T.F. Exemplifies a Rap Professional on “Unprofessional Shit”

Unprofessional Shit by T.F.

“This that automatic kill shit/This that fuck a hook, this that real shit”

These are words you won’t find very commonly when trying to make it in the rap industry. Essentially, Hip Hop today is packed full with bangers with powerful bass, arpeggiated hi hats, and most importantly a catchy hook. Although this formula makes for a good radio hit, it masks lyricism, storytelling, and the messages that rappers are trying to get out. In other words, even in their own music they are unable to be fully heard. The solution, however, is simply to take away those elements and leave room for the artist to speak. “Unprofessional Shit” by T.F. does that and more.

Story | Nico Blitz

Coming off of the Blank Face Tour with his Los Angeles conglomerate in ScHoolboy Q and Traffic, T.F. doesn’t know how to take a day off as he promotes his new single “Unprofessional Shit” with a music video that undeniably compliments the song. It’s simple. We’re also put in a position to focus on his words, rather than the beat, similarly to how we’re meant to focus on him (the lone person in the video) than any distraction in the background.

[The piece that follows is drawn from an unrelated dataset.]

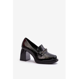 Lakované lodičky na podpatku černé model 21655378 - VINCEZA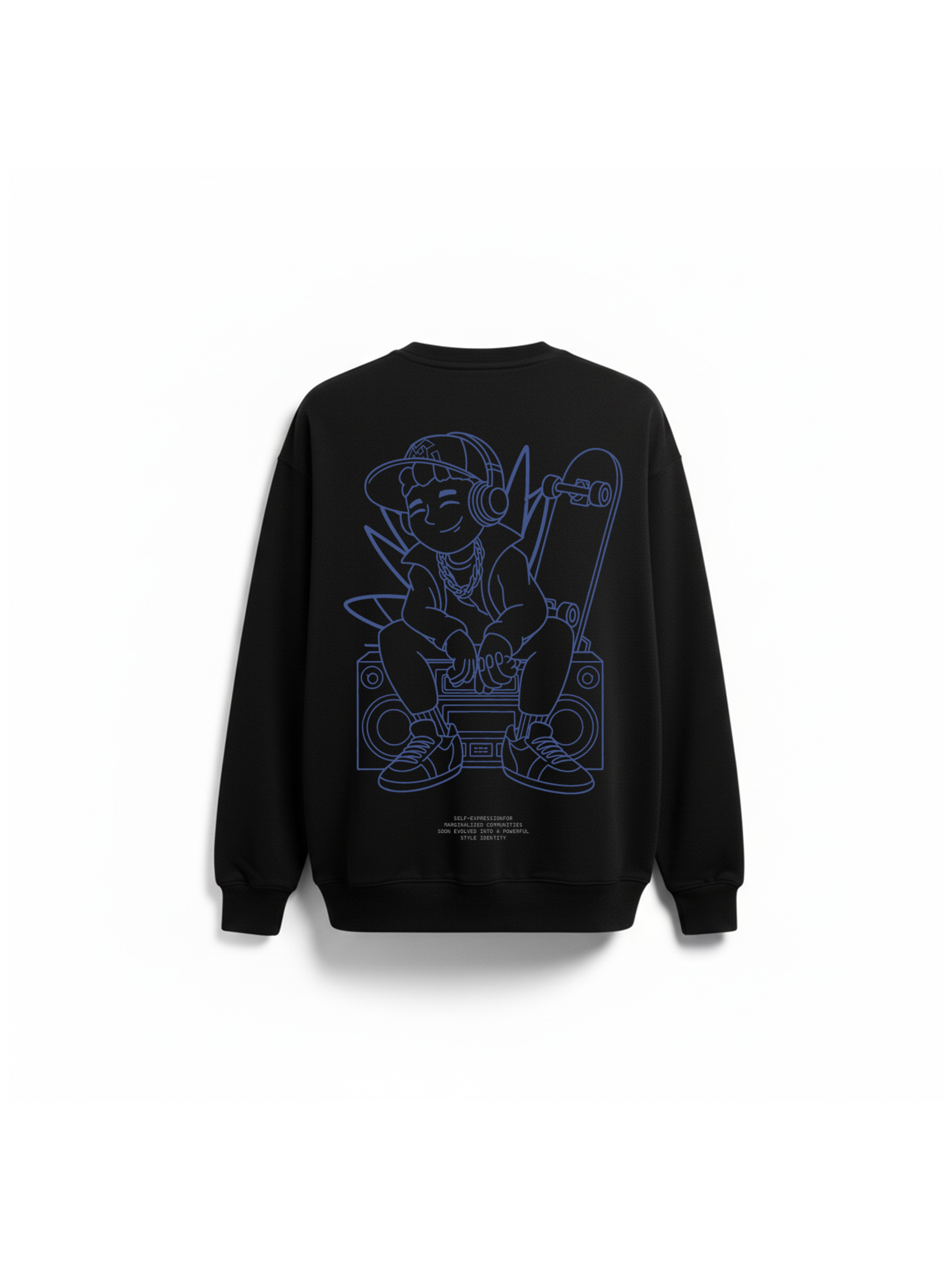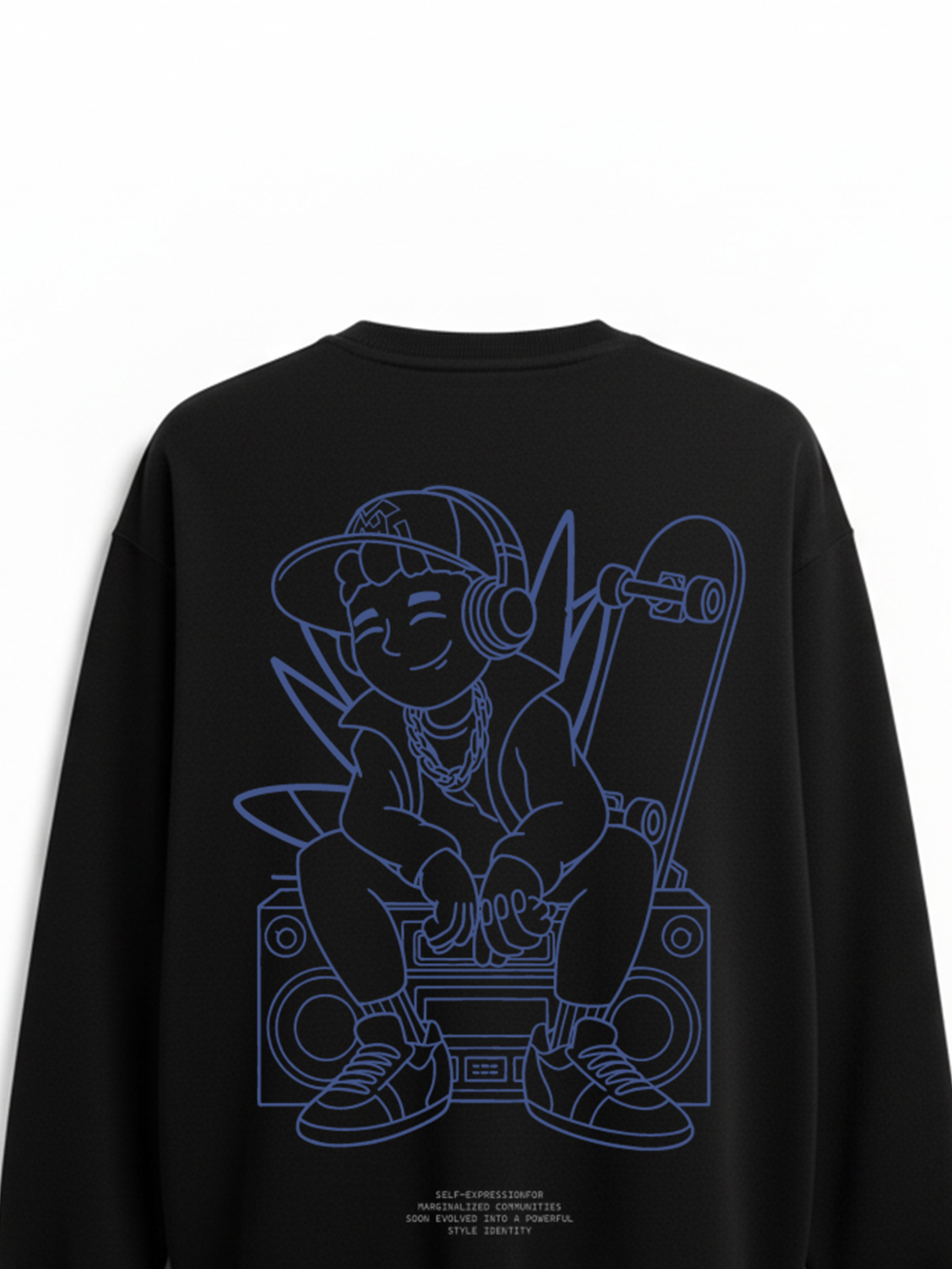 Elevate your street style with this Hip Hop Culture Graphic Sweatshirt, designed for those who live and breathe urban creativity. The front features a bold “Culture” typography framed in a modern box graphic, while the back showcases a detailed line-art illustration of a hip-hop kid—complete with headphones, chain, boombox, and skateboard. Made from premium soft cotton-blend fabric, this sweatshirt provides all-day comfort and effortless style. The clean blue outline design pops beautifully against the deep black base, giving it a fresh, artistic edge inspired by rap, skateboarding, graffiti, and old-school hip-hop energy. RivenRioOriginal

As cliché as it sounds, “Unprofessional Shit” is a reminder to be you. Think of the song in terms of a job interview. When you walk into the interview you immediately put on a professional persona from the way you dress and the way you talk, all to maintain the impression that you’re the right fit. T.F. throws a middle finger when it comes to this, simply because he believes he can break into the industry without sugarcoating his music.

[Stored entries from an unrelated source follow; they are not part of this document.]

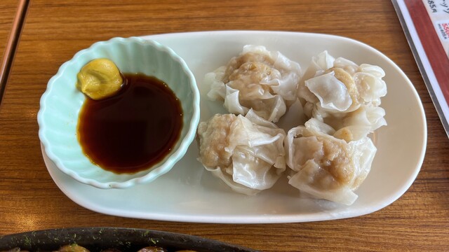 肉々しい美味しいしゅうまい。まさかたこ焼き屋さんでいただけるとは。。。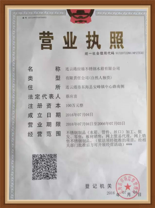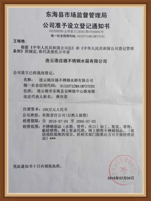 連云港應(yīng)禧不銹鋼水箱有限公司,地處江蘇省連云港市東??h安峰鎮(zhèn),是一家生產(chǎn)圓柱形、拼裝形不銹鋼生活水箱、工業(yè)水箱、消防水箱、聚氨酯整體發(fā)泡保溫水箱(與熱水工程、太陽(yáng)能熱水工程、熱泵熱水工程、鍋爐熱水工程等配套使用)、醫(yī)用專用不銹鋼水箱為主導(dǎo)的生產(chǎn)型企業(yè)。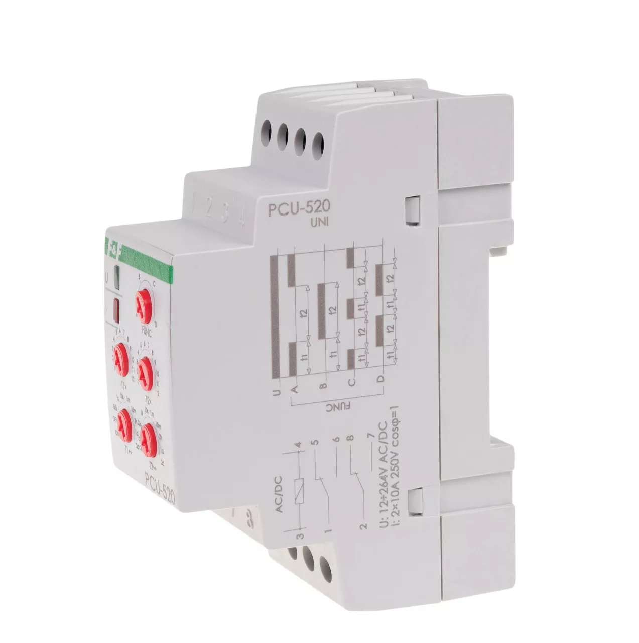 Napięcie zasilania 12÷264 V AC/DC Tryb pracy opóźnione wyłączenie, opóźnione załączenie, praca cykliczna Element wykonawczy przekaźnik Maksymalny prąd obciążenia 2 × 8 A Konfiguracja styków 2 × NO/NC Separacja styku TAK Opóźnienie zadziałania 50 ms Sygnalizacja stanu styku LED czerwona Czas działania - regulowany 0,1 s ÷ 576 godz. Sygnalizacja zasilania LED zielona Czas przerwy - regulowany 0,1s ÷ 576 godz. Przyłącze zaciski śrubowe 4,0 mm² Moment dokręcający 0,5 Nm Pobór mocy 1,2 W Temperatura pracy -25 ÷ 50 °C Wymiary 2 moduły (35 mm) Montaż na szynie 35 mm Stopień ochrony IP20

More than half of the song contains bars that start off with “This that…” which leads into a metaphor pertaining to his skill level:

“This that classic Ray Allen, Supersonics/This that Super Saiyan in that hyperbolic”

And just like a job interview, you’ve got to come prepared by knowing exactly who you are and what you offer.

Relating back to the Hip Hop industry, T.F. seems adamant on his ‘no hooks’ music. It revives Hip Hop to its beginning stages where emcees would get on a track to spit a hot 16 bars and call it a day. As risky as it seems to make it big in the new sounds of the industry, we’re confident T.F. has more than enough juice to popularize his style and reformat the game.